New Kent Charles City Chronicle

News for New Kent County and Charles City County, Virginia | April 3, 2026

UPDATE: New Kent County officials agree to $35,750 penalty for wetlands law violations

By Alan Chamberlain | February 13, 2015 2:42 pm

New Kent County officials have agreed to pay a civil penalty of $35,750 as punishment for violating state wetlands law when land was cleared near New Kent Airport.

An 18-page consent order details the violations and enforcement action taken by the state’s Department of Environmental Quality (DEQ). The county must pay $4,180 to the state within 30 days of the consent order going into effect.

The county then must satisfy the remaining $31,570 by submitting proof of purchase of 1.54 acres of wetland credits from a DEQ-approved wetlands mitigation bank, also within 30 days of the order’s effective date. The land slated for protection must be within the same watershed as the airport, thus assuring no net wetland loss.

New Kent Board of Supervisors chairman Thomas Evelyn signed the order on behalf of the county on Dec. 30. DEQ officials are not signing the agreement until a 30-day public comment period, that began on Jan. 28, has expired. The earliest the agreement could go into effect is Feb. 27.

DEQ began investigating the matter after receiving a complaint on Aug. 9, 2013 from a resident downstream from the airport concerning water in Kent Lake, located in the Woodhaven Shores subdivision, turning brown after rains.

The first inspection upstream from the lake took place Aug. 21, 2013. Inspectors found an area where land had been cleared. They reported “poor stabilization of the site” along with “poor maintenance of erosion and sediment controls” and failing erosion controls near a culvert. Sediment had escaped a containment area, flowing downstream into Toe Ink Swamp, and more sediment had been deposited in nearby forested wetland, they said.

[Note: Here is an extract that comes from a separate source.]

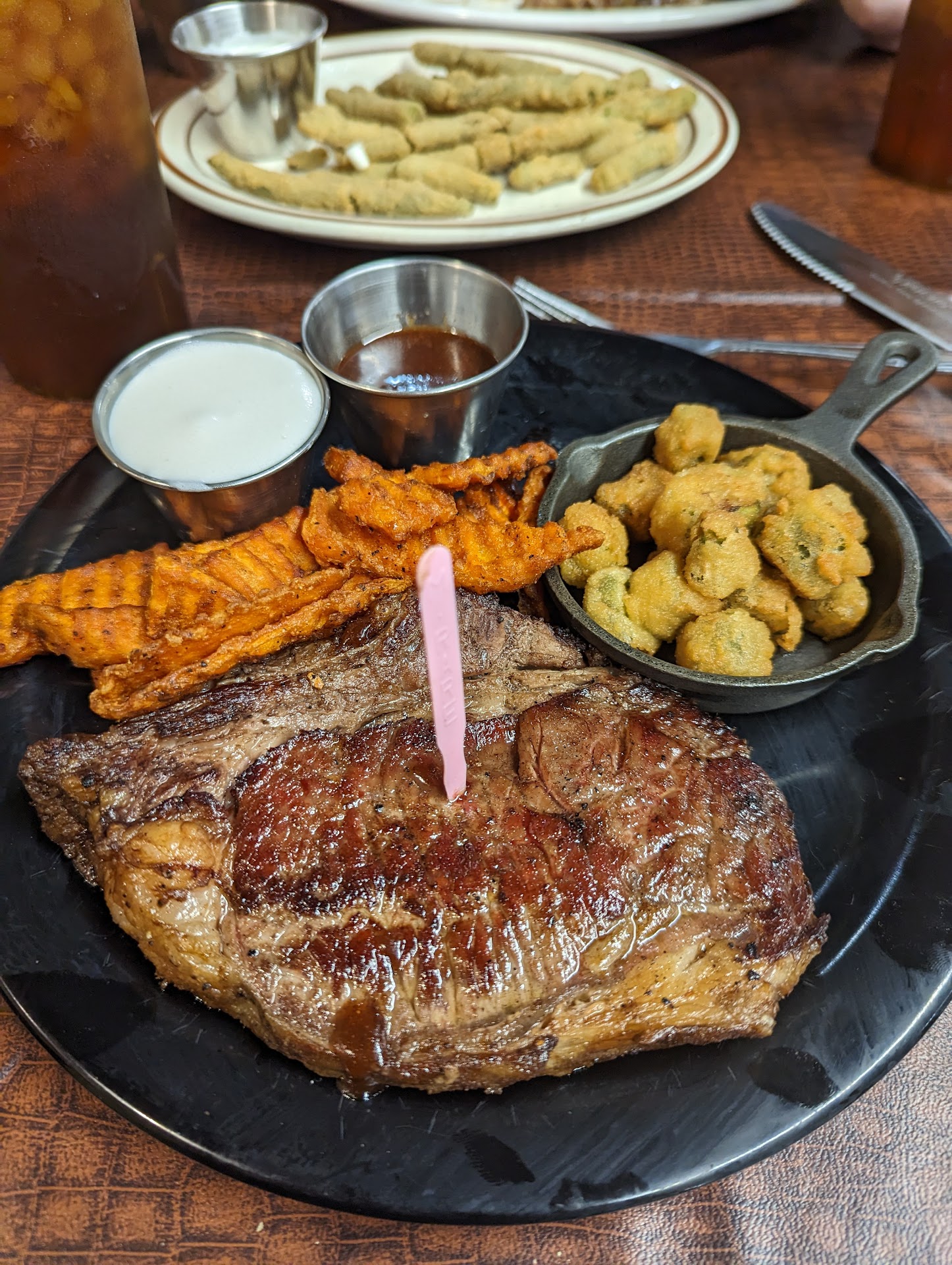 We had never eaten here, my neighbor works there I believe. I would have given the food a 5 star but couldn't. My husband ordered the Salmon and I the Grilled Shrimp, I wanted a steak but no small ribeye only Angus. The shrimp was good size but there is a main vein that wasn't removed and should have been. The shrimp was just a little tough but good, the mixed veggies were a little overcooked The salad bar was fantastic on point and the dessert bar was on point also, fresh baked cookies and the chocolate pudding yum! Oh my husband said the Salmon grilled was excellent, he should know we took a cruise to Alaska and he ate a lot of Salmon lol. Just a word about the restroom I used, it had Male/Female on both bathroom doors?? Anyway for a M/F bathroom I used it was very clean and even on floor around the toilet no drips!! Thank you and decorated very very...

The consent order findings noted that the county had secured a DEQ permit for land clearing and disturbing near the airport, but no permit from either DEQ or the Army Corps of Engineers existed that would allow impact to wetlands or surface waters. DEQ issued a notice of violation to the county on Dec. 17, 2013 and discussed the violations with county officials on that date.

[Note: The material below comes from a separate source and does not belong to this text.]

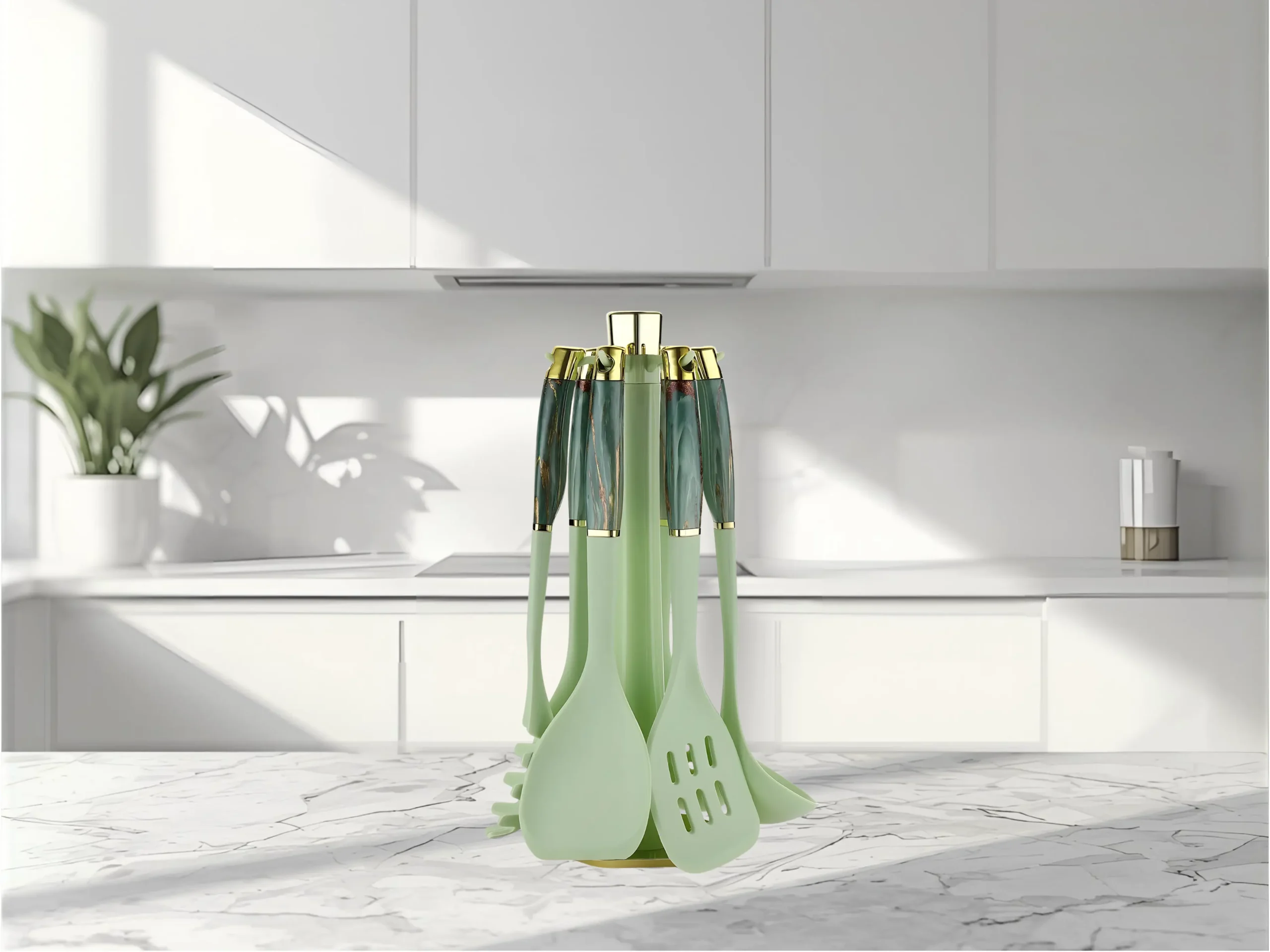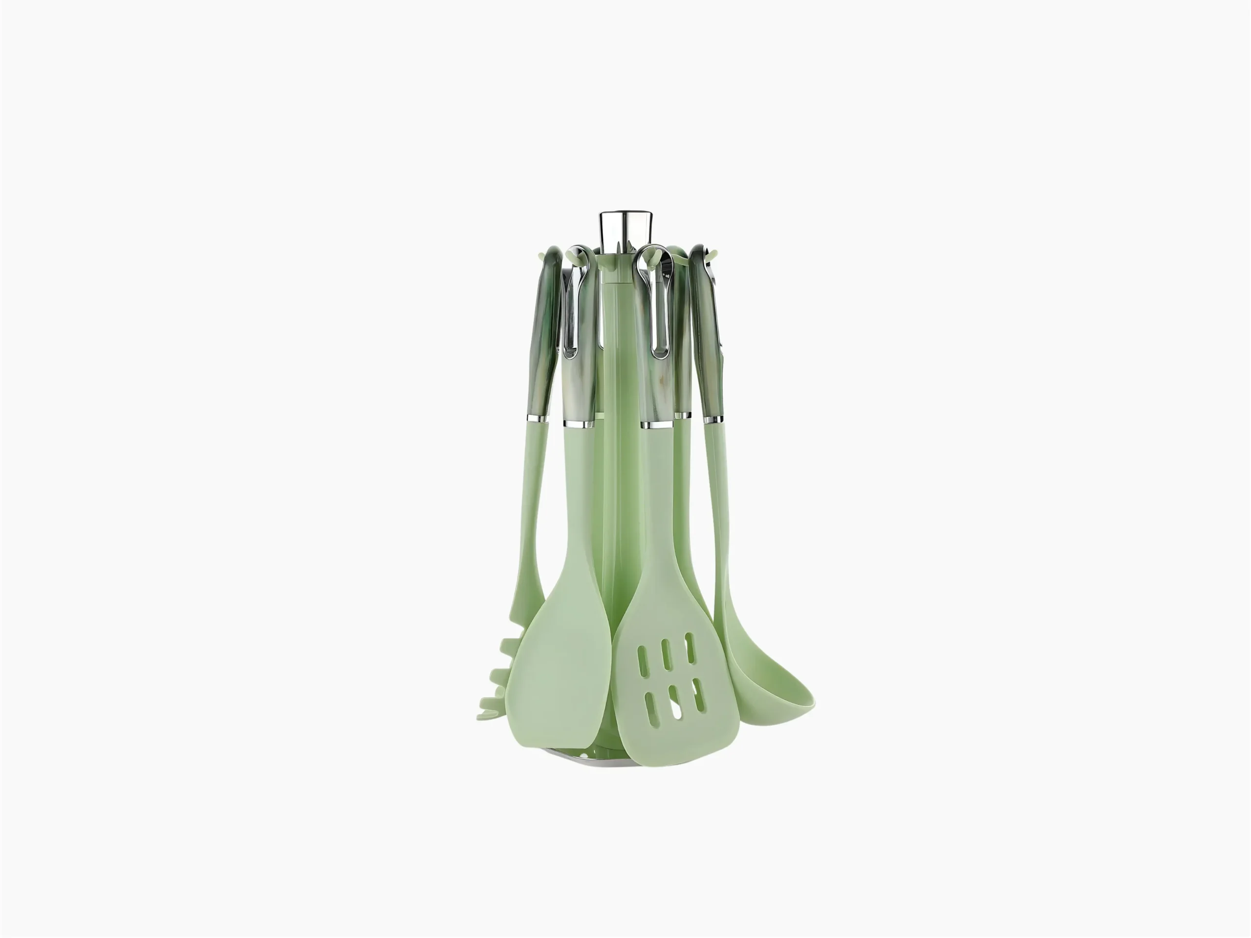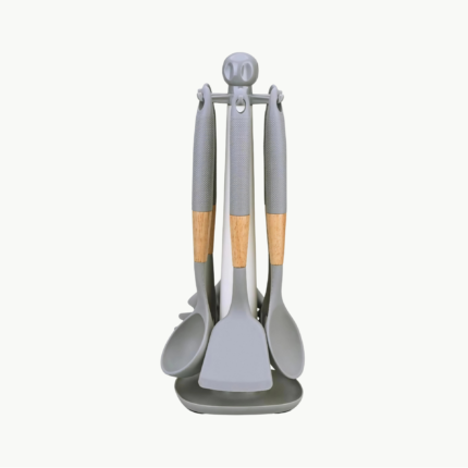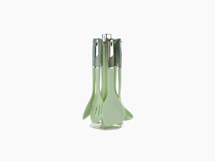 It comes with a practical rotating stand to keep your utensils organized and within easy reach. The non-stick silicone is safe for all cookware and easy to clean.
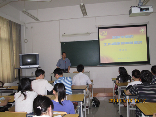 5月13日下午,伟德国际1946党委和艺术学院党总支在南校区教学楼A202联合举办党员发展工作培训讲座。教育学院党委副书记易宗勇,学院各教工党支部书记、委员,学院学生党支部的全体正式党员以及艺术学院的各党支部书记、委员聆听了讲座。本次专题讲座由正处级组织员、机关党委书记邱月生主讲,题为“发展党员的工作程序和材料要求”,会议由易宗勇主持。

On March 19, 2014, DEQ and county officials met at the airport for further inspection. DEQ officials discovered 0.35-acre of forested wetland had been cleared by the county. County officials said the work had been done to bring the airport into compliance with Federal Aviation Administration requirements for removing obstructions near airport runways.

“This activity resulted in the permanent conversion of forested wetlands to scrub-shrub wetlands,” according to the consent order. DEQ issued another notice of violation on April 4, 2014. The county, meanwhile, reported impact to another 0.44-acre at the site on May 29, 2014.

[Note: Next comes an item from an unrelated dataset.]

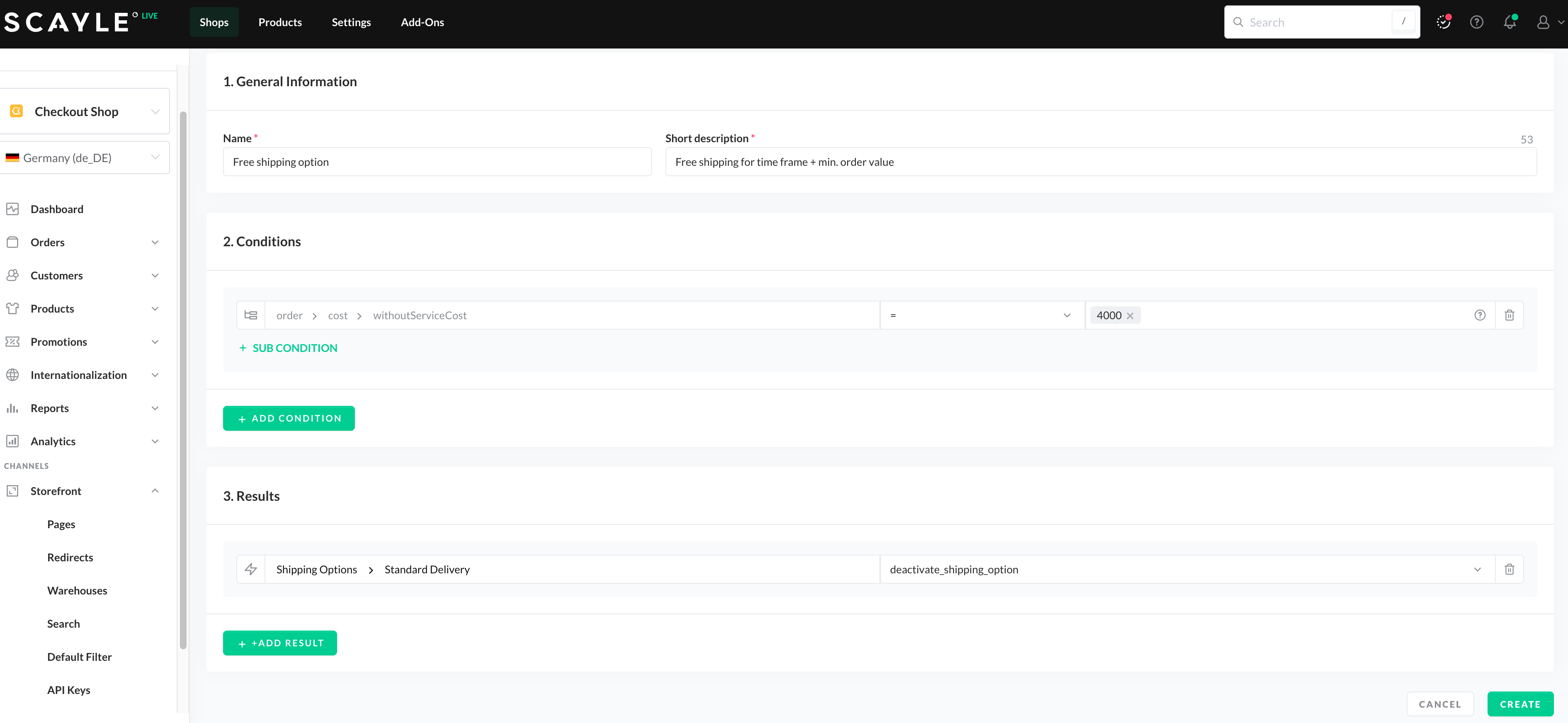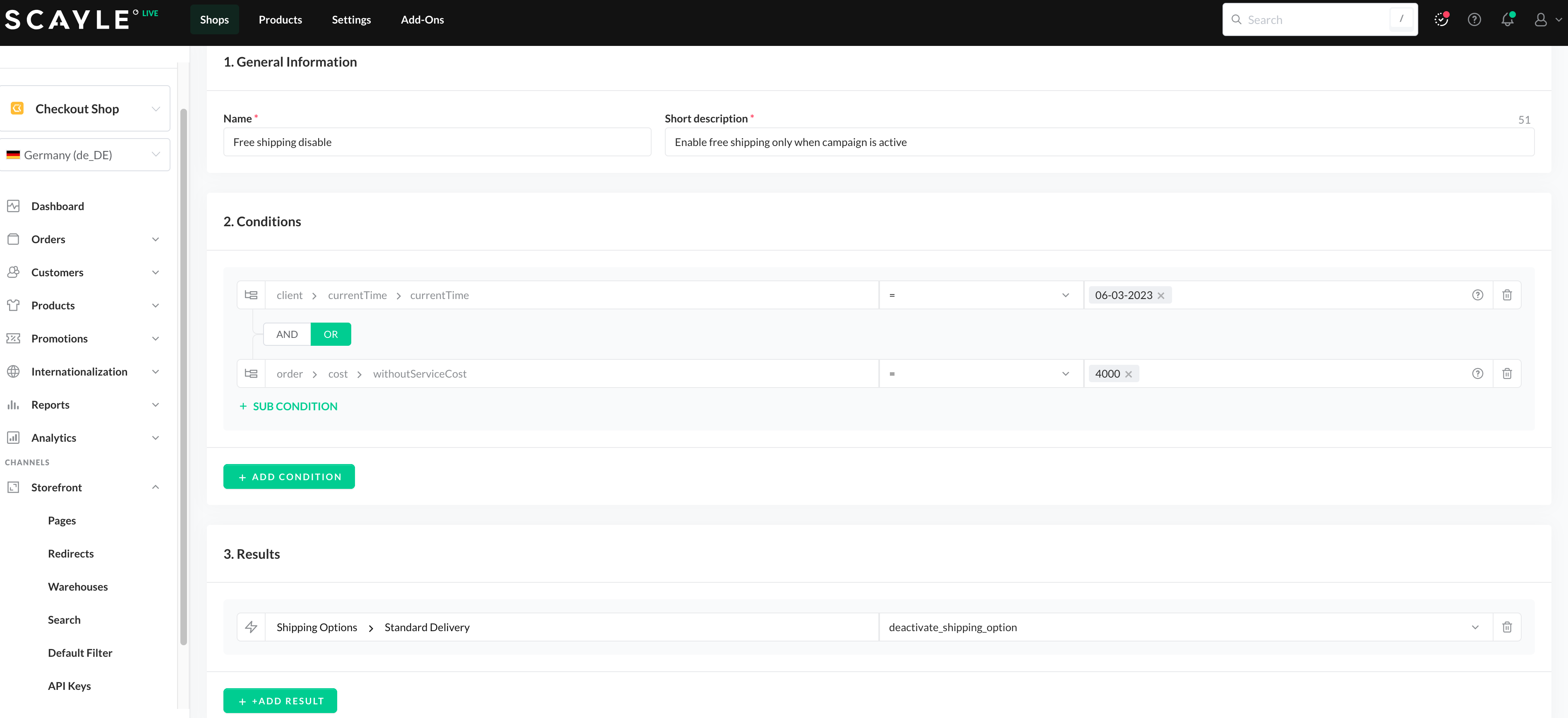 Scenario: Set free shipping for all women living in Berlin or Hamburg for orders from the 7th of March until the 9th of March.
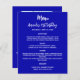 Birthday menu royal blue white fun facts photo

Talks between the two parties continued until last Nov. 24 when the county submitted a proposed “Supplemental Environmental Project” designed to compensate for 0.77 acres of wetland impacts along with an additional 0.77 acres of wetland mitigation. DEQ based its enforcement action on the county’s proposal.

New Kent county attorney Michele Gowdy declined comment, saying she preferred coordinating any response with outside counsel that assisted the county on the matter. That attorney, however, is unavailable due to a recent death in the family.